I have often wondered, why the team around Brian Goetz has been heading towards a “decent compromise” so strongly from the beginning, both from a marketing AND technical point of view, instead of adding more boldness to how Java 8 is advertised. At Devoxx Belgium 2013, Brian Goetz seems to have really sold his accomplishments completely under value, according to this interesting article. Having extensively followed the lambda-dev mailing list, I can only stress how little the creators of Java 8 loved their new defender methods feature, for instance.
Java 8 is what we have all been waiting for, for so long! After all, the introduction of lambda expressions and defender methods (equally impactful, if not as often advertised!) is one of the most significant improvements to the Java language since the very beginnings.
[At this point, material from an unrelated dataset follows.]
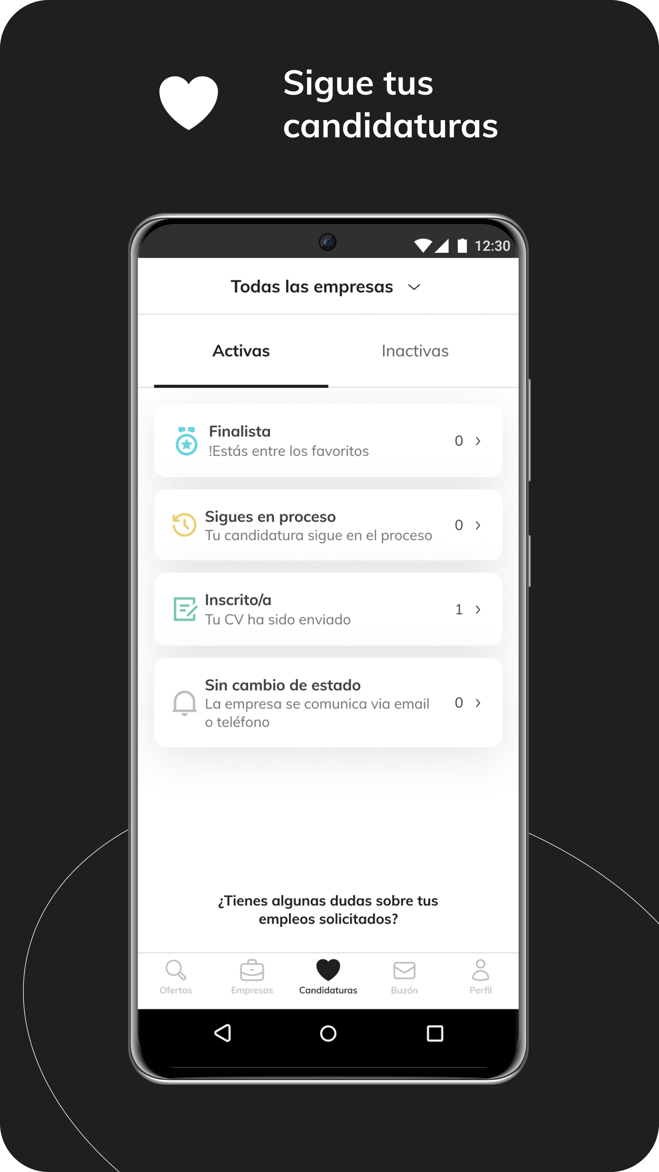 Não queremos que você perca nada! Conheça todo o andamento de suas inscrições em tempo real: receba feedback e notificações de cada uma das mudanças: quando seu currículo é revisado, se você passar para a próxima fase ou se não for selecionado.
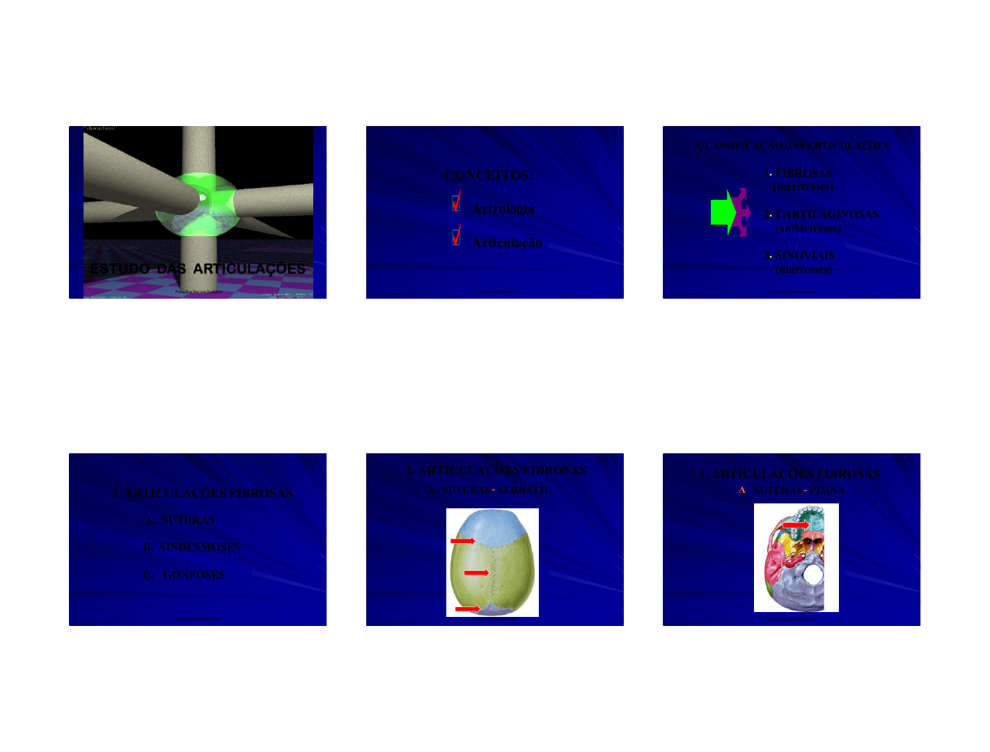 1 ESTUDO DAS ARTICULAÇÕES Profa.Dra.Daniela Buchaim CONCEITOS: Artrologia Articulação Profa.Dra.Daniela Buchaim CLASSIFICAÇÃO DAS ARTICULAÇÕES 1. FIBROSAS (sinartroses) 2. CARTILAGINOSAS (anfiartroses) 3. SINOVIAIS (diartroses) Profa.Dra.Daniela Buchaim 1. ARTICULAÇÕES FIBROSAS A. SUTURAS B. SINDESMOSES C. GONFOSES Profa.Dra.Daniela Buchaim 1. ARTICULAÇÕES FIBROSAS A. SUTURAS - SERRÁTIL Profa.Dra.Daniela Buchaim 1. ARTICULAÇÕES FIBROSAS A. SUTURAS - PLANA Profa.Dra.Daniela Buchaim 2 1. ARTICULAÇÕES FIBROSAS A. SUTURAS - ESCAMOSA Profa.Dra.Daniela Buchaim SINOSTOSE FONTANELA Profa.Dra.Daniela Buchaim 1. ARTICULAÇÕES FIBROSAS B. SINDESMOSES SUPERFÍCIES ÓSSEAS AFASTADAS TECIDO CONJUNTIVO Profa.Dra.Daniela Buchaim 1. ARTICULAÇÕES FIBROSAS C. GONFOSE Profa.Dra.Daniela Buchaim SINCONDROSE 2. ARTICULAÇÕES CARTILAGÍNEAS CARTILAGEM HIALINA COLÁGENO TIPO II Profa.Dra.Daniela Buchaim 2. ARTICULAÇÕES CARTILAGÍNEAS SÍNFISE FIBROCARTILAGEM COLÁGENO TIPO I Profa.Dra.Daniela Buchaim 3 3. ARTICULAÇÕES SINOVIAIS ELEMENTOS DE UMA ARTICULAÇÃO SINOVIAL Cápsula articular Superfície articular Cavidade articular Membrana sinovial Líquido sinovial Discos e Meniscos Ligamentos Profa.Dra.Daniela Buchaim MOVIMENTO DAS ARTICULAÇÕES SINOVIAIS Flexão e extensão Adução e abdução Rotação lateral (supinação) e medial (pronação) Circundação Profa.Dra.Daniela Buchaim ARTICULAÇÕES SINOVIAIS CLASSIFICAÇÃO QUANTO AOS EIXOS DE MOVIMENTO Monoaxiais Biaxiais Triaxiais Profa.Dra.Daniela Buchaim ARTICULAÇÕES SINOVIAIS PLANA GÍNGLIMO ou TROCLEAR TROCÓIDE Profa.Dra.Daniela Buchaim ARTICULAÇÕES SINOVIAIS SELAR CONDILAR COTÍLICA ou ESFERÓIDE Profa.Dra.Daniela Buchaim ARTICULAÇÕES SINOVIAIS PLANA SUPERFÍCIES PLANAS MOVIMENTO DESLIZAMENTO Profa.Dra.Daniela Buchaim 4 ARTICULAÇÕES SINOVIAIS GÍNGLIMO SUPERFÍCIES FORMA DE POLIA OU TRÓCLEA FLEXÃO E EXTENSÃO Profa.Dra.Daniela Buchaim ARTICULAÇÕES SINOVIAIS TROCÓIDE FORMA CILÍNDRICA ROTAÇÃO Profa.Dra.Daniela Buchaim ARTICULAÇÕES SINOVIAIS SELAR FORMA DE SELA BIAXIAL Profa.Dra.Daniela Buchaim ARTICULAÇÕES SINOVIAIS CONDILAR FORMA ELIPSÓIDE BIAXIAL Profa.Dra.Daniela Buchaim ARTICULAÇÕES SINOVIAIS ESFERÓIDE FORMA ESFÉRICA TRIAXIAL Profa.Dra.Daniela Buchaim Profa.Dra.Daniela Buchaim 5 Profa.Dra.Daniela Buchaim ARTICULAÇÃO SINOVIAL JOELHO Profa.Dra.Daniela Buchaim Referências: Profa.Dra.Daniela Buchaim 1.ANATOMIA HUMANA SISTÊMICA E SEGMENTAR Dangelo e Fattini Capítulo 3: Junturas Profa.Dra.Daniela Buchaim

Given the tremendous success of LINQ in .NET, I have recently contemplated whether Java 8, lambda expressions and the Streams API might actually be an equally interesting approach to adding features to an ecosystem, compared to the “scariness” of comprehensions and monads as understood by LINQ: https://blog.jooq.org/does-java-8-still-need-linq-or-is-it-better-than-linq/
While my article above certainly wasn’t well received with the .NET community (and even Erik Meijer himself smirked at it), it did get quite a bit of love from the Java community. In other words, the Java community is ready for Java 8 goodness. Let’s hope Oracle will start advertising it as the cool new thing that it is.